I lost my grandad a few years back and unfortunatly my grand mother has to go in a home as she needs care ,but my father was clearing out there garage and came across a few bits and pieces and straight away said I know who will love them , well yes off course me I have been looking at getting some very fine screwdriver bits for a while so these are great

what make these even more special are that they were my grandad I never new he had anything to do with watches but it just make these screwdrivers even more sentimental , I no the oils are no good but they are just nice to have :thumbsup:


----------



## gimli (Mar 24, 2016)

Solid spring bars right there... :thumbsup:


----------



## relaxer7 (Feb 18, 2016)

That grease must be from the 60's at least!


----------



## PC-Magician (Apr 29, 2013)

Nice find Andy. :yes:

He had an interest which would have been common to you both now that must give you a nice feeling.


----------



## Iceblue (Sep 4, 2013)

PC-Magician said:


> Nice find Andy. :yes:
> 
> He had an interest which would have been common to you both now that must give you a nice feeling.


 It's a great feeling


----------



## jsud2002 (Nov 7, 2015)

Its like a barn find of an auto mobile I bet you are buzzing inside.
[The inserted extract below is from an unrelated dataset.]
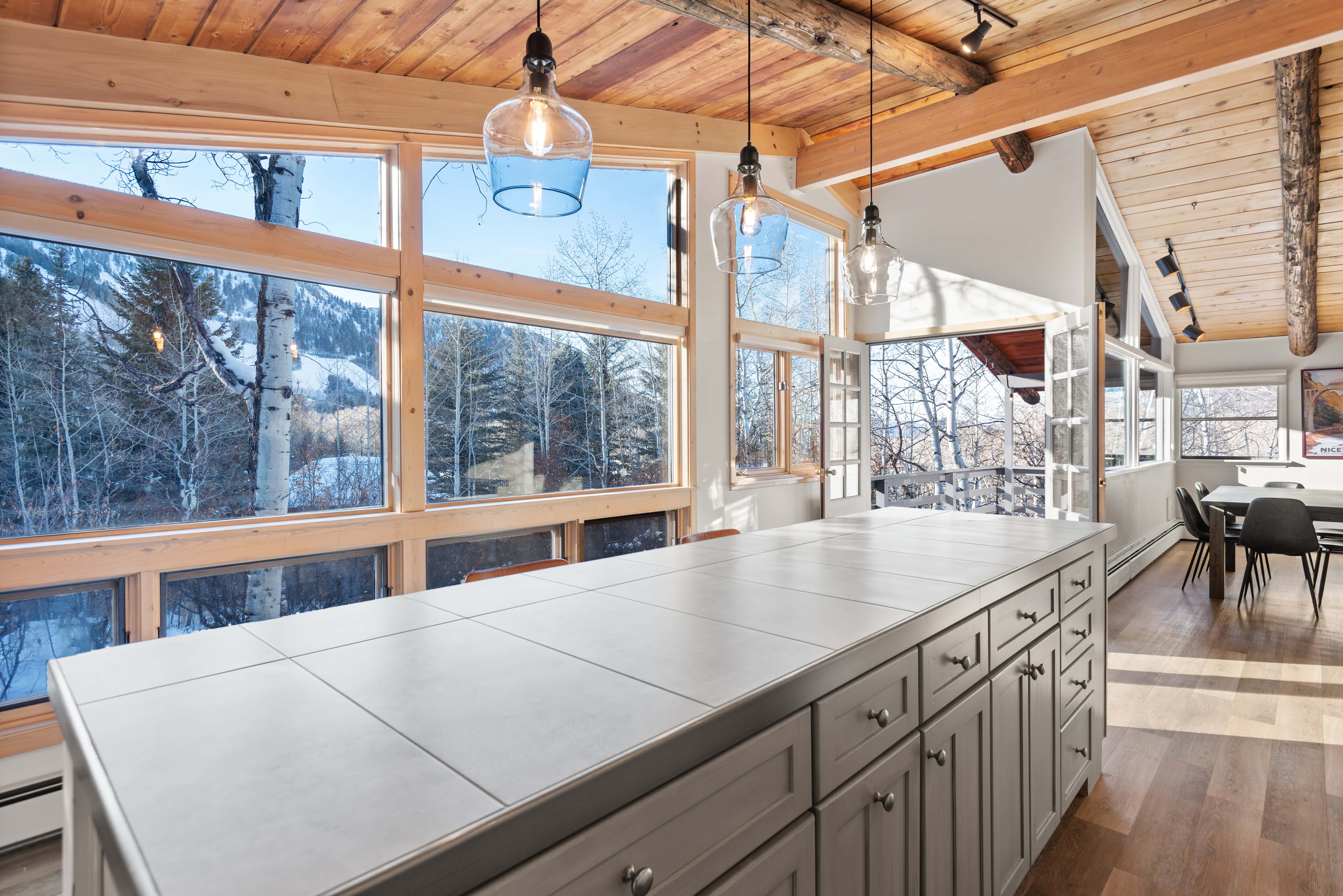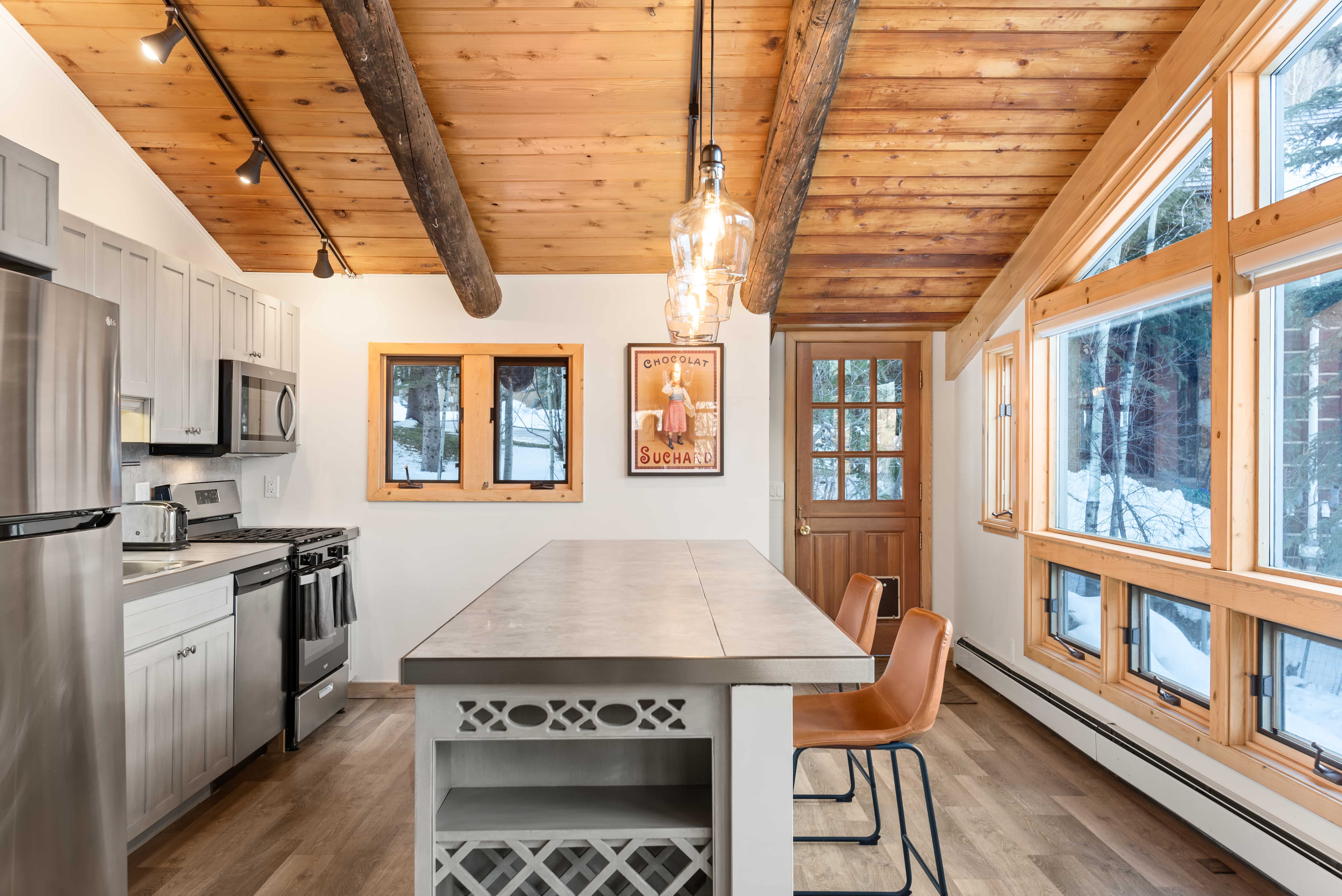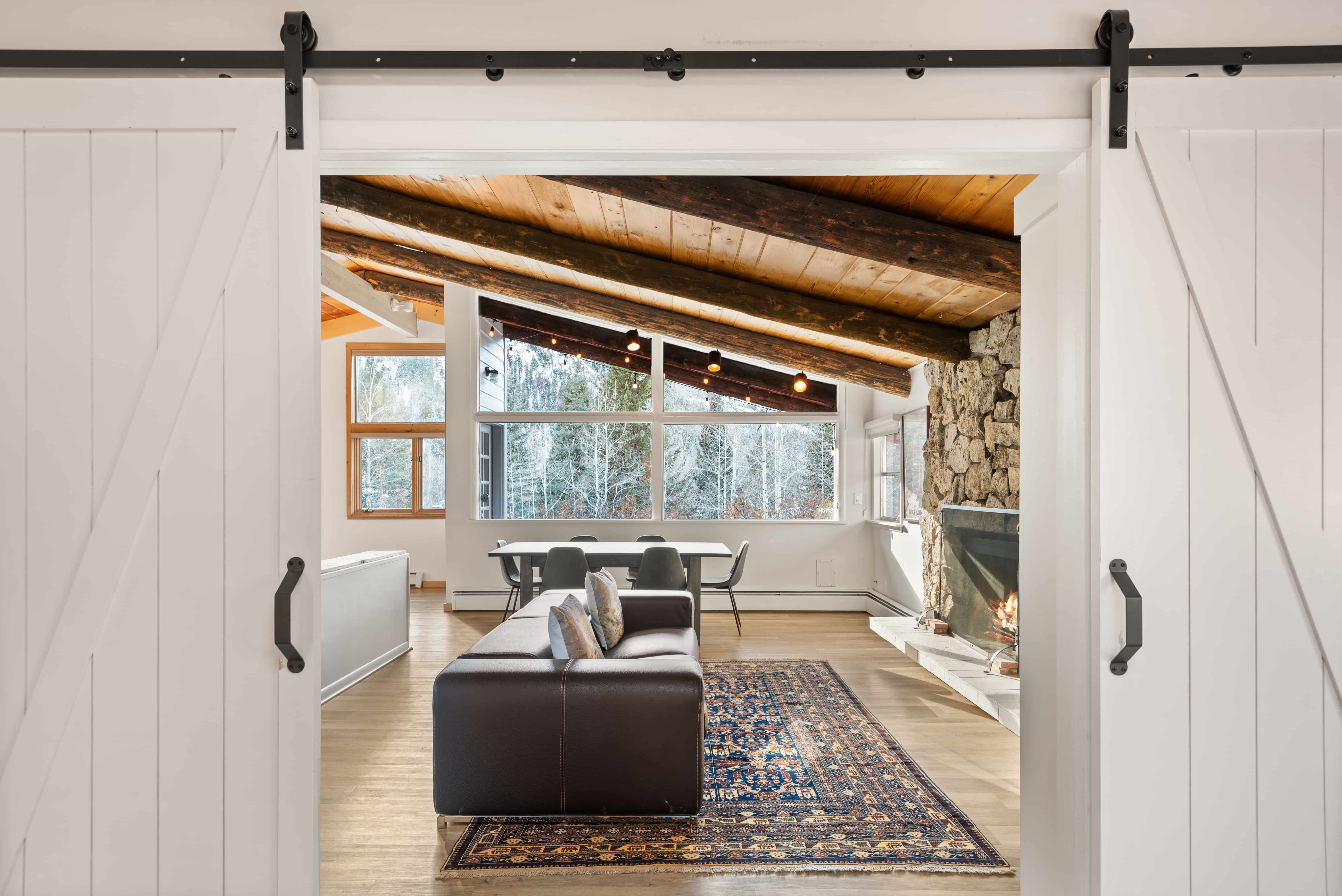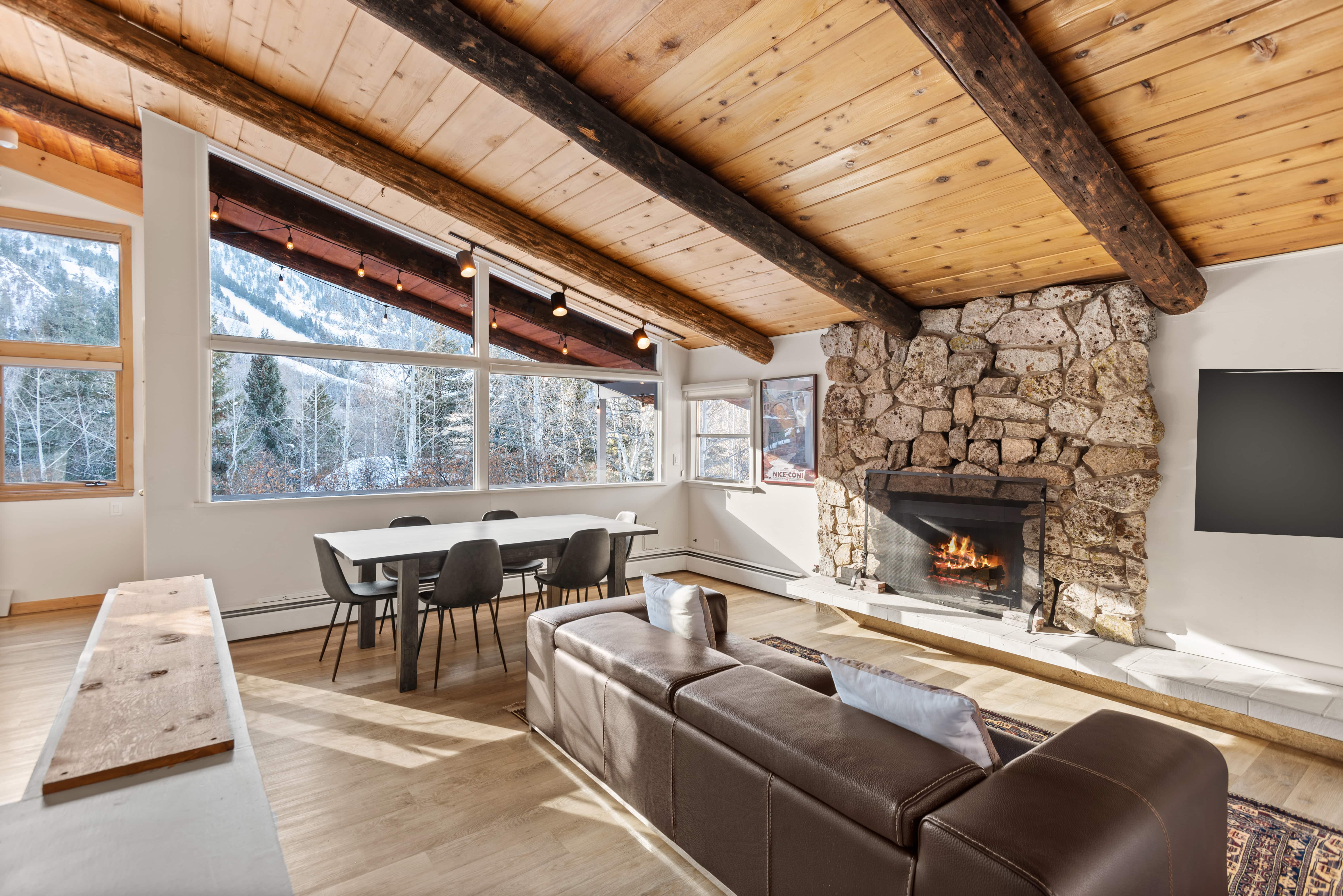 This bright second floor two bedroom, two bath mountain-style condo is located three blocks to the Gondola and across from City Market. The open kitchen and living area feature hardwood floors, updated appliances, an infrared sauna, and a wood-burning fireplace. This is a beautiful property just steps to all of the great shopping, restaurants, and activities that Aspen’s Downtown has to offer. A shared balcony hosts a direct view of Ajax Mountain.

Welll done :thumbsup:


----------



## Roger the Dodger (Oct 5, 2009)

Nice find, Andy....and of great sentimental value too. I hope you put them to good use. :thumbsup:


----------



## Iceblue (Sep 4, 2013)

jsud2002 said:


> Its like a barn find of an auto mobile I bet you are buzzing inside. Welll done :thumbsup:


 Make feel abit connected again to someone I thought the world off



Roger the Dodger said:


> Nice find, Andy....and of great sentimental value too. I hope you put them to good use. :thumbsup:


 Cheers buddy they will defo give me a push to use them I had given up on tinkering with watches but it's given me a new push to carry on


----------



## sparrow (Feb 7, 2009)

Strange what you find when clearing a house, when I helped my parents clear out my grans place, we discovered two large blades used to amputate my great uncle's leg - the things people keep! :blind:


----------



## Always"watching" (Sep 21, 2013)

My dear Iceblue, that is very touching and I do empathise with you. I notice that the oil bottle has the N.W.1. suffix to the address which presumably dates it to the vintage watch period.


----------